Five volumes of poetry later, my first prose book, titled Lav Prtsa (Goode Release), has finally seen the light of day.
I’ve subtitled it “Short Stories” (Karchapatumner) simply because I couldn’t find any other way to define a genre that floats at the crossroads of the short story, flash fiction, the essay, stand-up comedy, and the living humor of friendly banter.
To be honest, I’ve written many fictional stories before, but they never quite felt right enough to turn into a book. Instead, I realized this self-made genre of short yet complete narratives—written in the spirit of a documentary memoir—with pure writerly pleasure.
Let me say from the outset: this is not the aesthetic-conceptual literature of someone aspiring to create “high art.” Rather, it is an attempt to reproduce the ancient human pleasure of telling someone something incredible on behalf of reality—and entertaining them through that telling. The act of storytelling, of making things interesting through exaggeration, of making them flourish through fascination, serves as an archaic ritual of cheerful intimacy in a time when everyone is no longer telling a story, but selling one—mostly the story of their own success.
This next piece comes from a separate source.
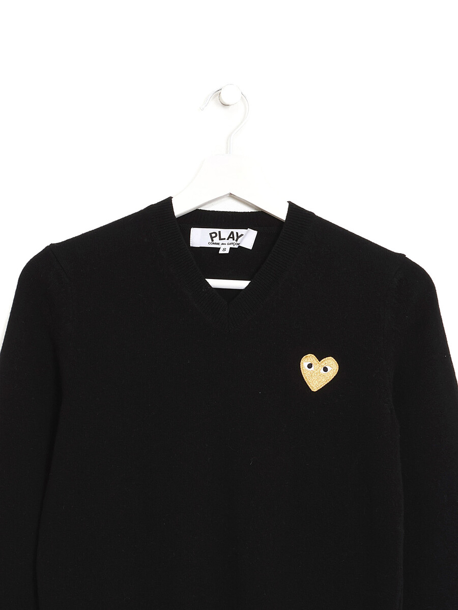 V-neck knit sweater in black with long sleeves and heart logo at chest.
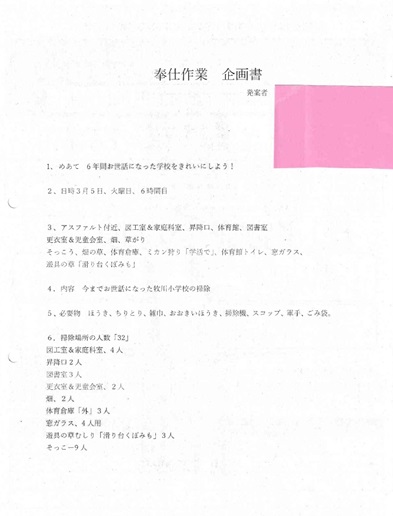 R6.2.15木【6年 企画書】 6年生が卒業を控えて、企画書を作成し(情報活用能力の成長の一端が見られうれしいです)、奉仕作業をしてくれるようです。企画書もつくってくれたので、いつ、どんなことをやるか分かります。 めあては、「6年間お世話になった学校をきれいにしよう!」とあります。とても有り難いです。 |

I didn’t overthink it. I locked the snob-mystic, who knows how to unravel words and their subtle threads, in the basement. Instead, I trained from scratch the one within me who sees and retells the hilarious “conspiracies” of life amidst the falsity of the days—narrating in the first person. Life is a complex, illogical, yet funny adventure from which, in the end, one can have a “lucky escape.”